- _Dataset extract_
-- Opening Marker --
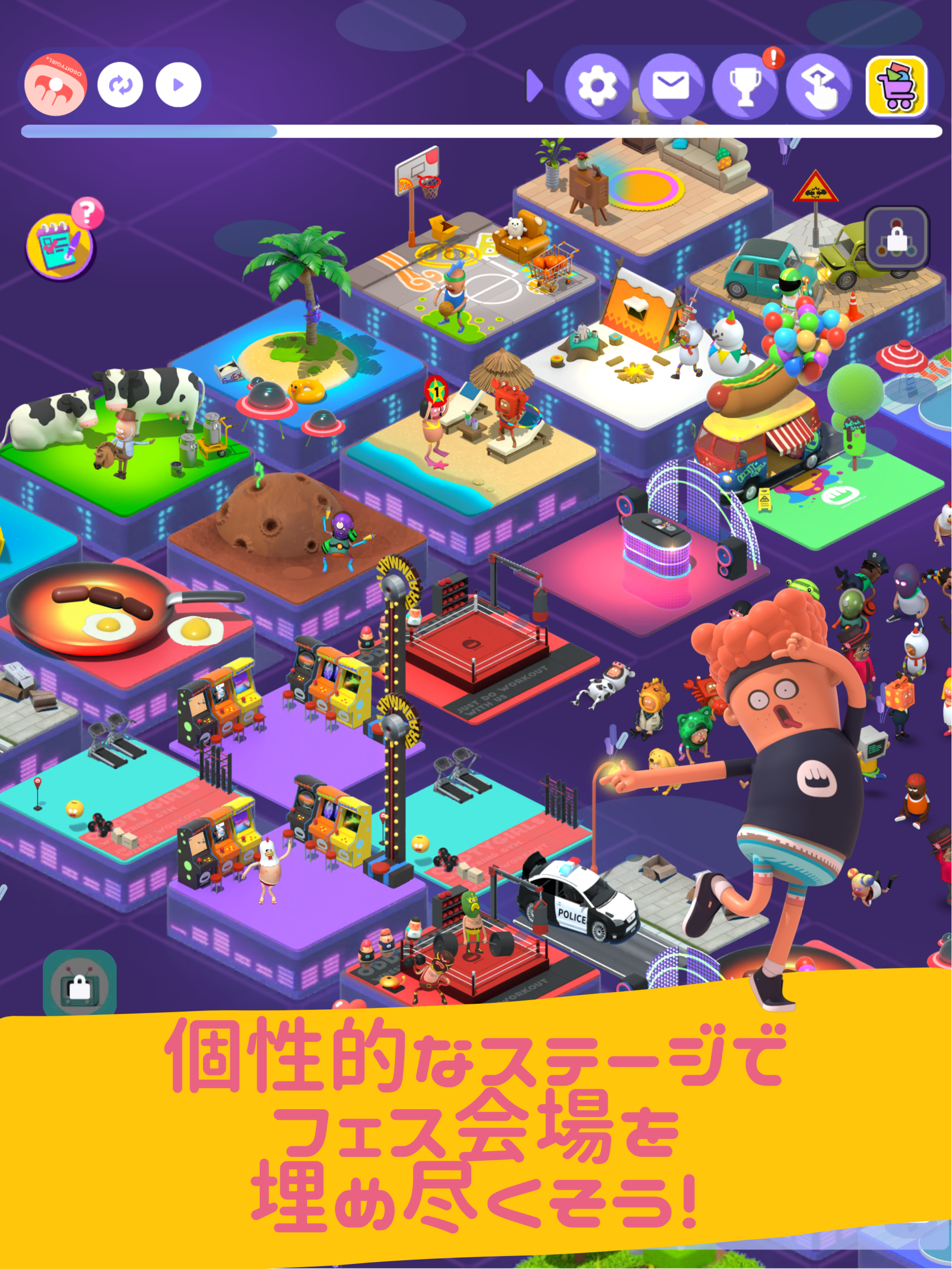 個性的なステージは合計40種類。各ステージに登場する個性的な40人の仲間達と一緒にあなただけのフェス会場を作りましょう。
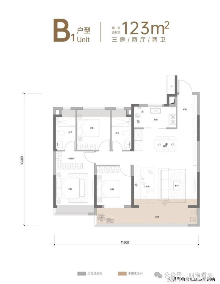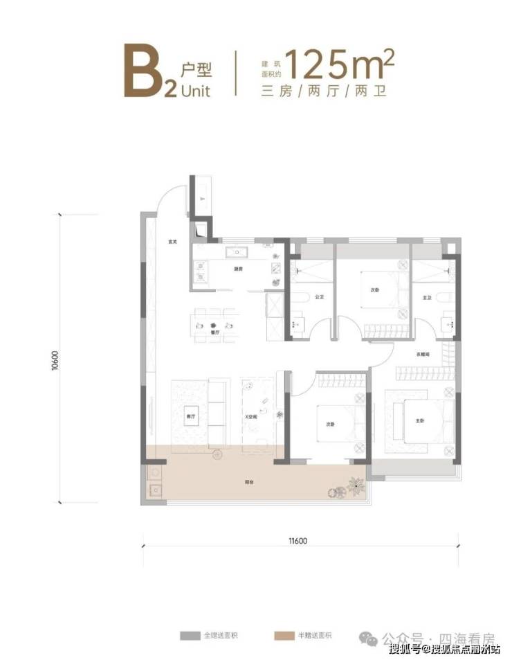 首开建面约125㎡3+1房2厅2卫
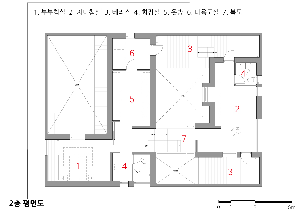 Once you pass through the massive wall and enter the courtyard, which is external but becomes internal, you can finally access the individual living spaces inside the house. When entering the interior of the house, you encounter the courtyard once again, representing the external within the internal. While the courtyard is the place that directly connects with the outer residential area, the central courtyard is a space only accessible to family members. Creating a circulation path on both the first and second floors emphasizes the character of the central courtyard as external yet internal. This house, with its character of being external yet internal, turns the openness that should extend to the outside residential area back into the interior, completing the nature of an “Open Roof - Covering.”
-- Closing Marker --
What you return must match the material above exactly, minus its pictures.

 個性的なステージは合計40種類。各ステージに登場する個性的な40人の仲間達と一緒にあなただけのフェス会場を作りましょう。
 首开建面约125㎡3+1房2厅2卫
 Once you pass through the massive wall and enter the courtyard, which is external but becomes internal, you can finally access the individual living spaces inside the house. When entering the interior of the house, you encounter the courtyard once again, representing the external within the internal. While the courtyard is the place that directly connects with the outer residential area, the central courtyard is a space only accessible to family members. Creating a circulation path on both the first and second floors emphasizes the character of the central courtyard as external yet internal. This house, with its character of being external yet internal, turns the openness that should extend to the outside residential area back into the interior, completing the nature of an “Open Roof - Covering.”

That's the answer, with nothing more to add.